RE40683 Process for maintaining ongoing registration for pages on a given search engine
ABSTRACT – A process for maintaining ongoing registration for pages on a given search engine is disclosed. It is a method to actively cause an updating of a specific Internet search engine database regarding a particular WWW resource. The updated information can encompass changed, added, or deleted content of a specific WWW site. The process comprises the steps of having software tools at a local WWW site manually and/or automatically keep an index of added, changed, or deleted content to a particular WWW site since that WWW site was last indexed by a specific Internet search engine. The software tools will notify a specific Internet search engine of the URLs of specific WWW site resources that have been added, changed, or deleted. The Internet search engine will process the list of indices of changes, additions or deletions provided by a web site, or add the URL of resources that require indexing or re-indexing to a database and visit the WWW site to index added or re-index changed content when possible. The benefit to the Internet is the creation of an exception-based, distributed updating system to the Internet search engine as opposed to the cyclical and repetitive inquiring by the Internet search engine to visit all WWW sites to find added, changed, or deleted content. Overall Internet transmissions are reduced by distributing the update and indexing functions locally to web sites and away from the central Internet search engine.
FIELD OF THE INVENTION
The present invention relates to the process of developing and maintaining the content of Internet search engine databases.
BACKGROUND OF THE INVENTION
An internet (including, but not limited to, the Internet, intranets, extranets and similar networks), is a network of computers, with each computer being identified by a unique address. The addresses are logically subdivided into domains or domain names (e.g. ibm.com, pbs.org, and oranda.net) which allow a user to reference the various addresses. A web, (including, but not limited to, the World Wide Web (WWW)) is a group of these computers accessible to each other via common communication protocols, or languages, including but not limited to Hypertext Transfer Protocol (HTTP). Resources on the computers in each domain are identified with unique addresses called Uniform Resource Locator (URL) addresses (e.g.http:// www.ibm.com/products/laptops.htm). A web site is any destination on a web. It can be an entire individual domain, multiple domains, or even a single URL.
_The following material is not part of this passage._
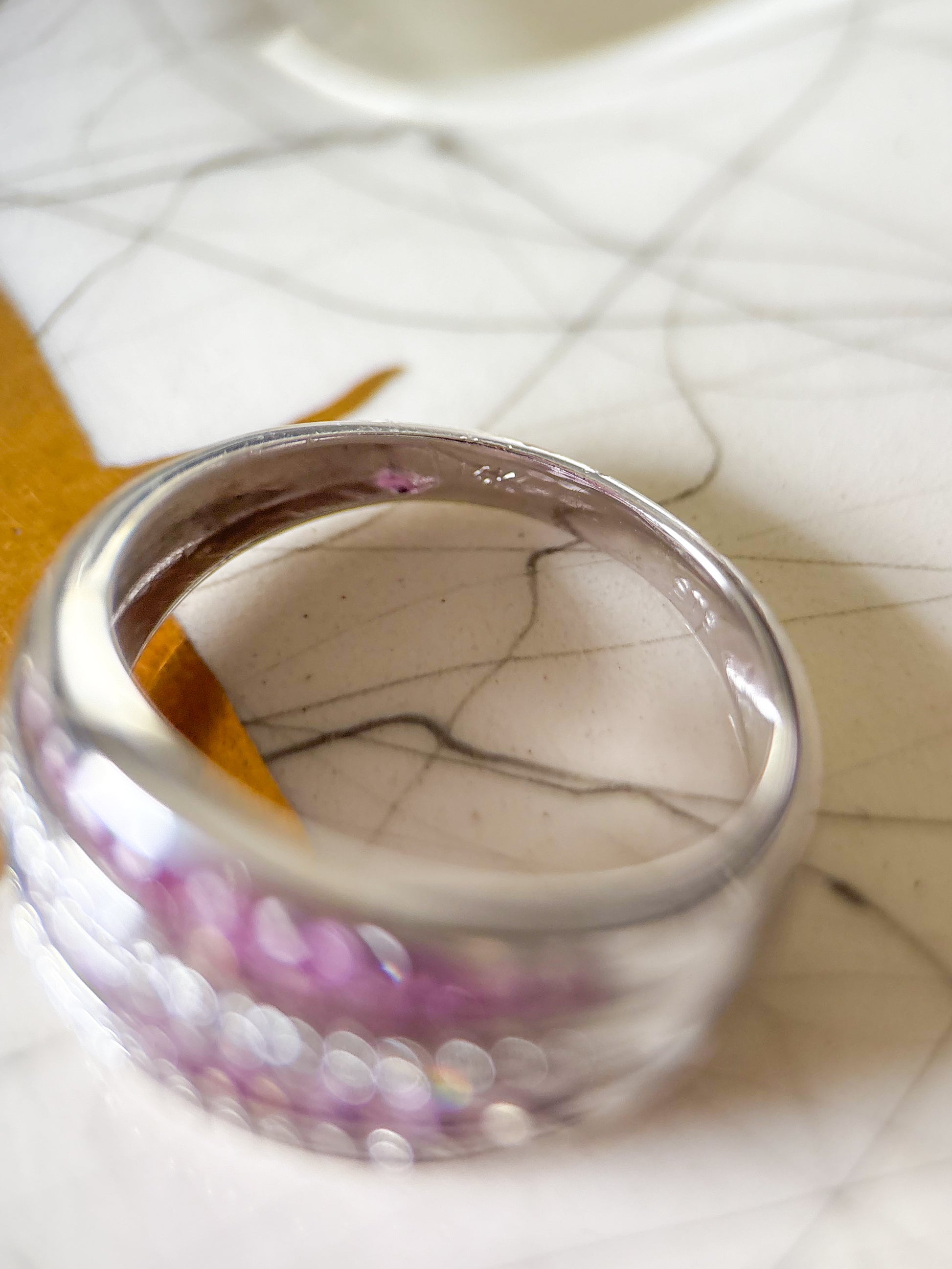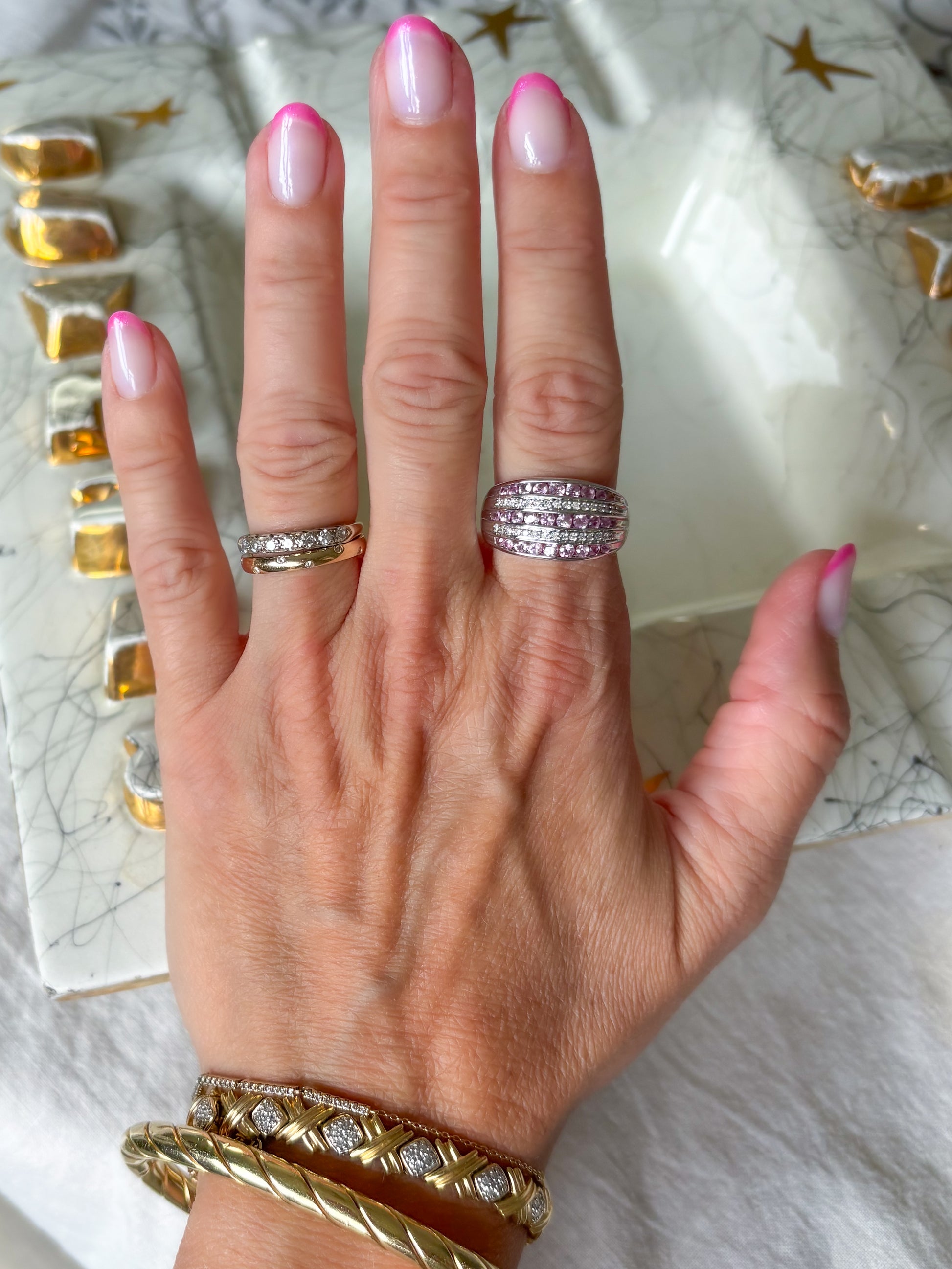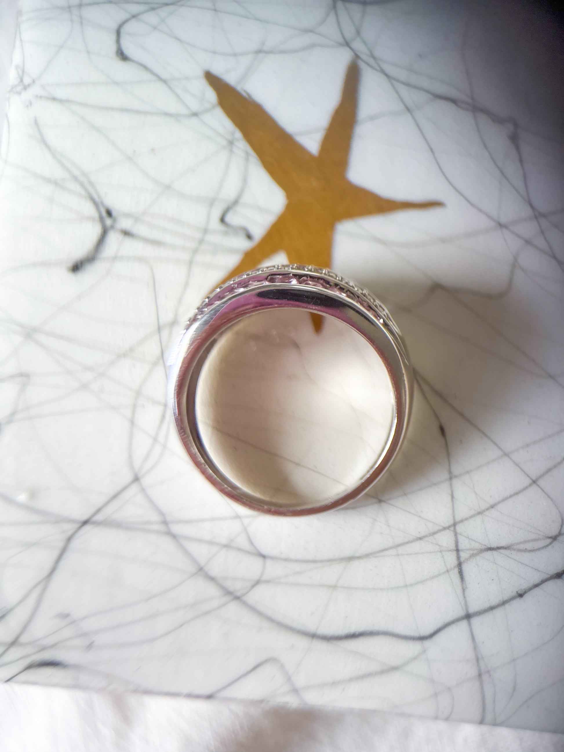 Vintage, 14k white gold chunky ring featuring natural diamonds and synthetic pink topaz. Ring is a size 7 and can be resized at your local jeweler.

Resources can be of many types. Resources with a “.htm” or.“html” URL suffix are text files, or pages, formatted in a specific manner called Hypertext Markup Language (HTML). HTML is a collection of tags used to mark blocks of text and assign meaning to them. A specialized computer application called a browser can decode the HTML files and display the information contained within. A hyperlink is a navigable reference in any resource to another resource on the internet.
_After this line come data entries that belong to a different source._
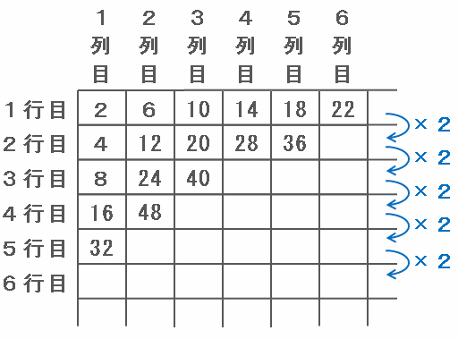 特にそれぞれの列を縦に見てみると、下のマス目の数は上のマス目の数の2倍になっていることが分かります。
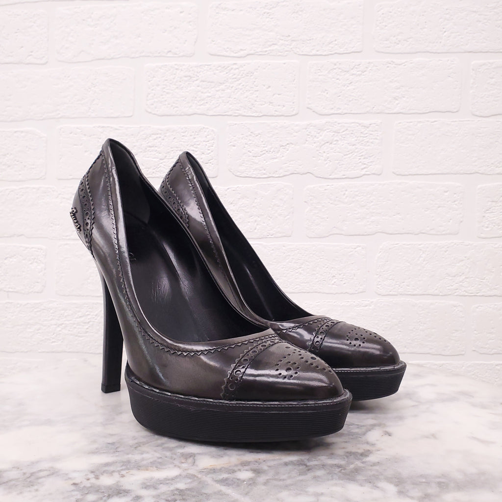 GUCCI GREY LEATHER SPECTATOR HEELS - SIZE 40
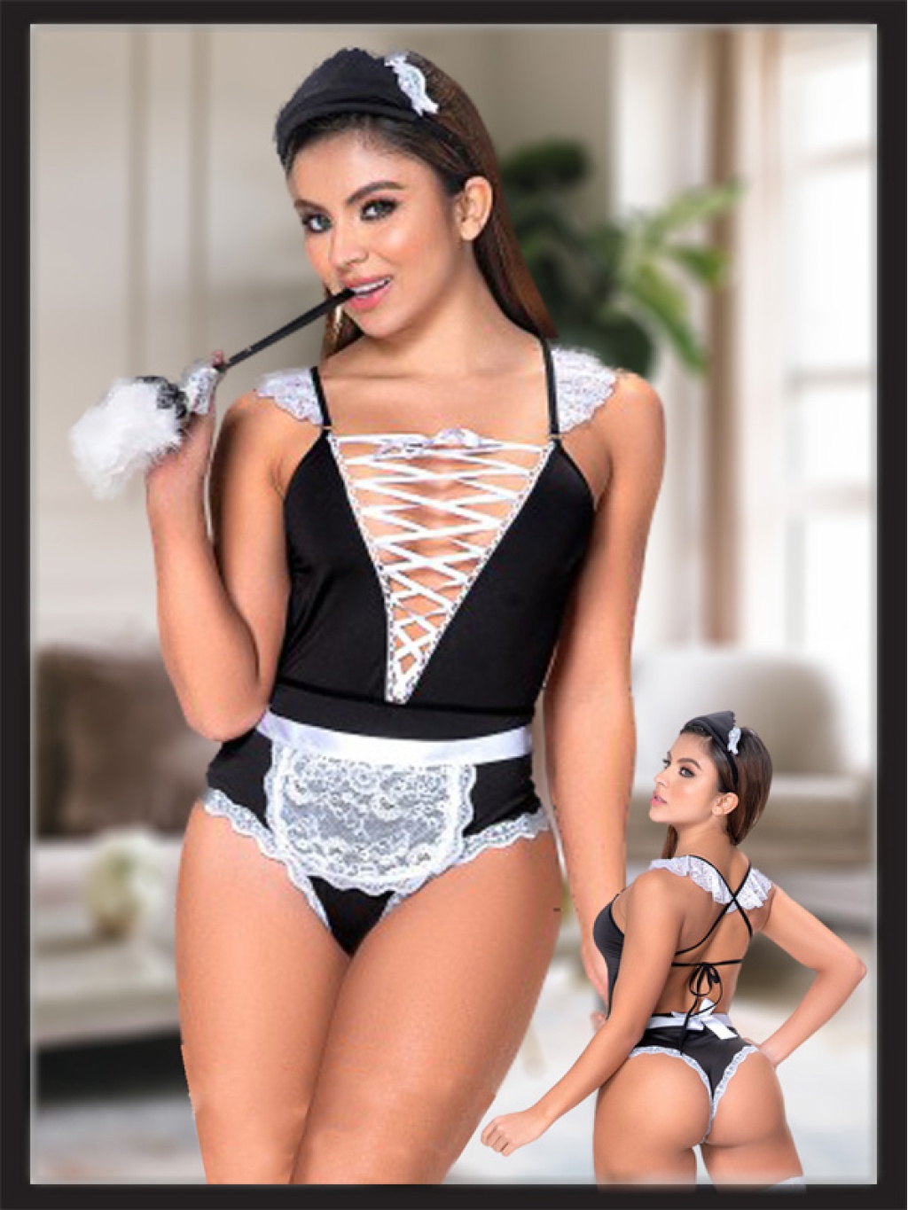 Siyah Dantel Detaylı Seksi Fantezi Hizmetçi Kostümü; Ürünümüz %100 PoliamidKumaştan Üretilmiştir. ;Paket içeriği Gecelik ve String olarak iki parçadan oluşmaktadır. Manken ölçüleri: 1,76cm 90/62/93 ;Görseldeki ürün S/M Bedendir.

An internet Search Engine is a web application consisting of
- 1. Programs which visit and index the web pages on the internet.
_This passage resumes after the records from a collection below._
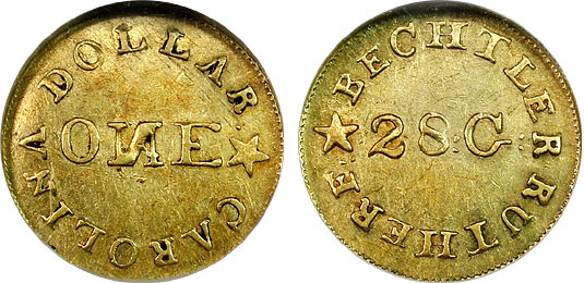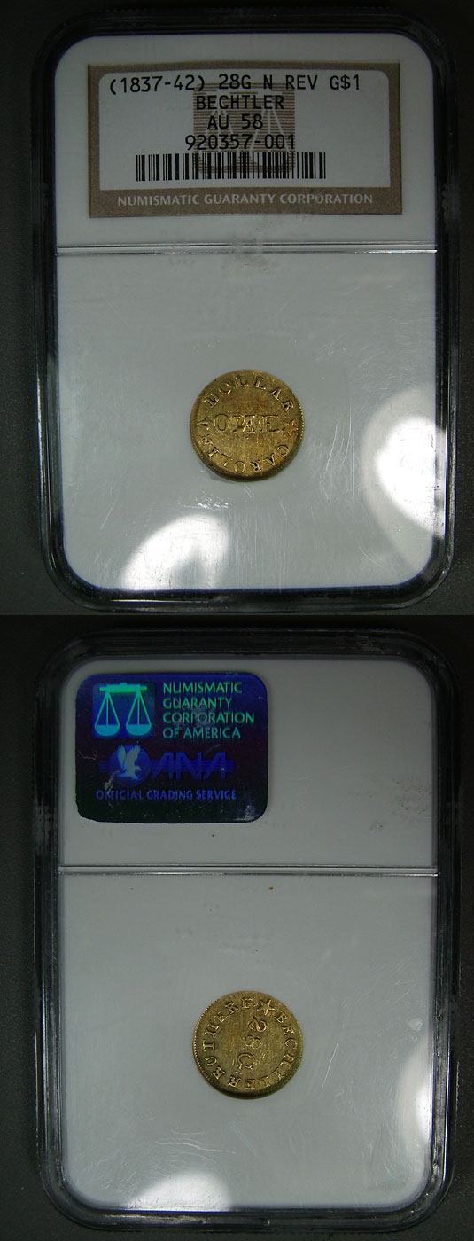 1837-42 $1 NGC AU58 Bechtler Gold Dollar - 28G N Reversed. Beautiful near-mint Bechtler Gold Dollar is toned in a lovely orange peel with strong gold hue. The reserved N is bold and prominent. Incredibly well preserved and rare in this nice a state of preservation. The Bechtler's produced the United States' first gold dollar. The US mint struck their first gold dollar in 1849. The Bechtler Gold Dollar was widely accepted and circulated especially in the Southeast. An impressive piece of numismatic history!
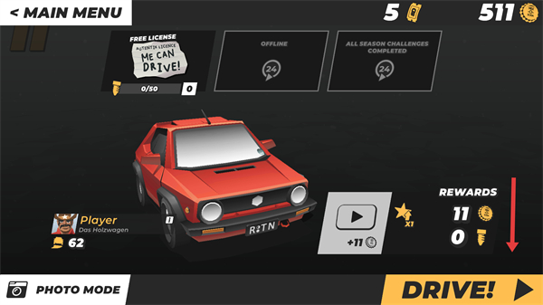 4、在主菜單界面可查看獎勵、車輛等,點擊右下角DRIVE開始駕駛,還有照片模式可拍攝車輛。
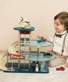 Inspired by the 50s, this garage recalls the golden age of the automobile! With its stylish cars, it offers a car wash, a fuel pump and bloplastic ramps to access the parking lot. The elevator serves all 3 levels and is topped by a platform with a helicopter. The base is equipped with connections to create a track. This toy develops fine motor skills and language. When played with others, it also helps develop social skills. The wood is FSC and the ramps are made of bioplastic.
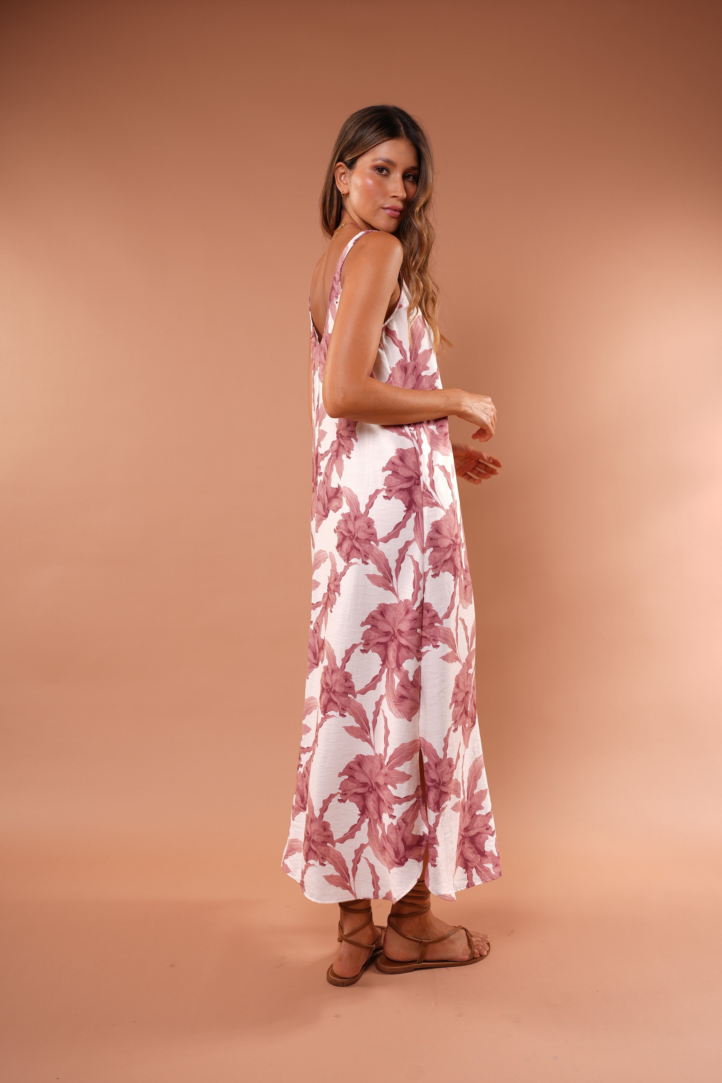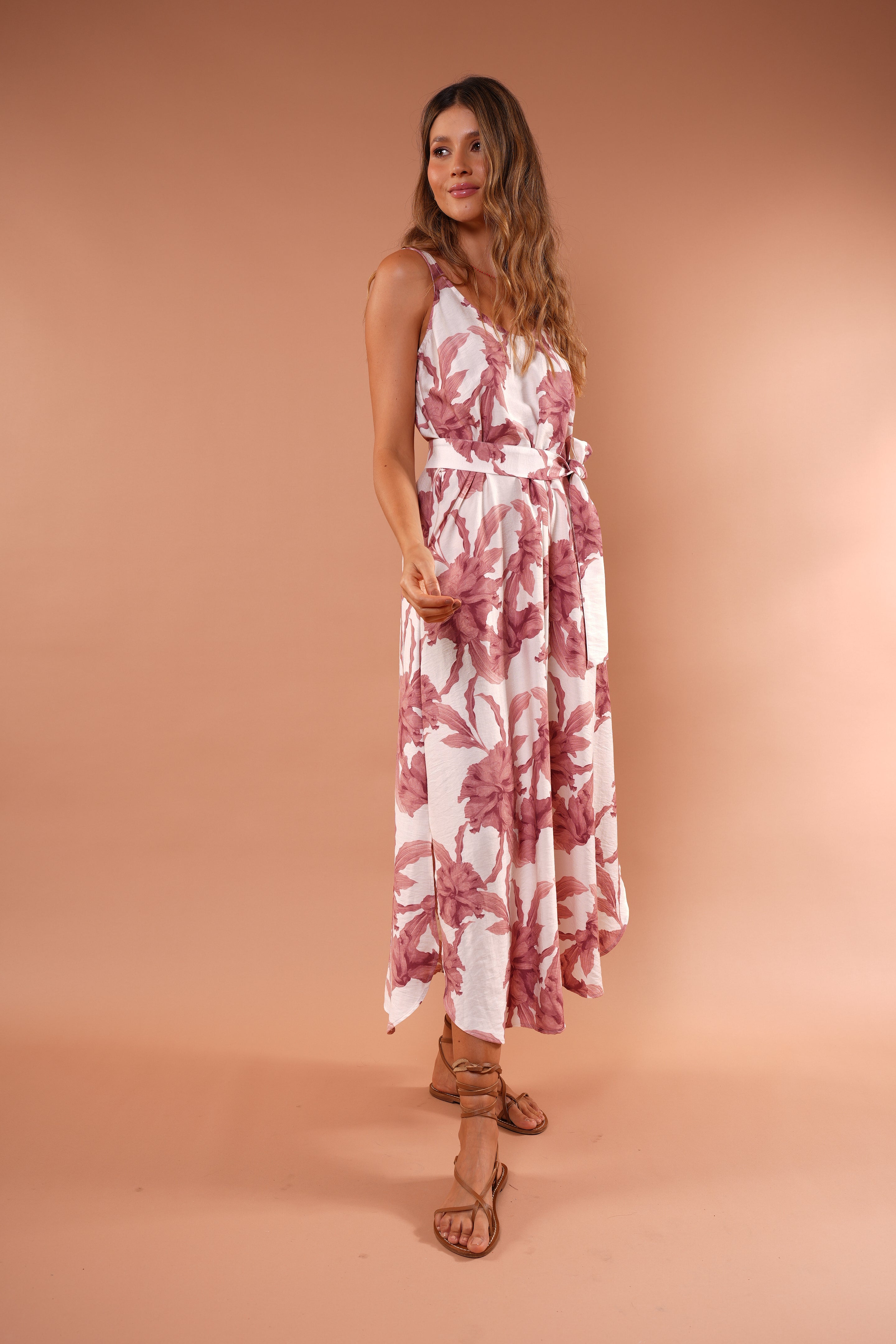 Un vestido que combina frescura y sofisticación en una silueta atemporal. Su caída ligera y fluida estiliza el cuerpo con movimiento natural, mientras el estampado floral en tonos suaves aporta un aire femenino, delicado y moderno.

- 2. A database of pages that have been indexed
- 3. Mechanisms for a user to search the database of pages.
Agents are programs that can travel over the internet and access remote resources. The internet search engine uses agent programs called Spiders, Robots, or Worms, among other names, to inspect the text of resources on web sites. Navigable references to other web resources contained in a resource are called hyperlinks. The agents can follow these hyperlinks to other resources. The process of following hyperlinks to other resources, which are then indexed, and following the hyperlinks contained within the new resource, is called spidering.
The main purpose of an internet search engine is to provide users the ability to query the database of internet content to find content that is relevant to them. A user can visit the search engine web site with a browser and enter a query into a form (or page), including but not limited to an HTML form, provided for the task. The query may be in several different forms, but most common are words, phrases, or questions. The query data is sent to the search engine through a standard interface, including but not limited to the Common Gateway Interface (CGI). The CGI is a means of passing data between a client, a computer requesting data or processing and a program or script on a server, a computer providing data or processing. The combination of form and script is hereinafter referred to as a script application. The search engine will inspect its database for the URLs of resources most likely to relate to the submitted query. The list of URL results is returned to the user, with the format of the returned list varying from engine to engine. Usually it will consist of ten or more hyperlinks per search engine page, where each hyperlink is described and ranked for relevance by the search engine by means of various information such as the title, summary, language, and age of the resource. The returned hyperlinks are typically sorted by relevance, with the highest rated resources near the top of the list.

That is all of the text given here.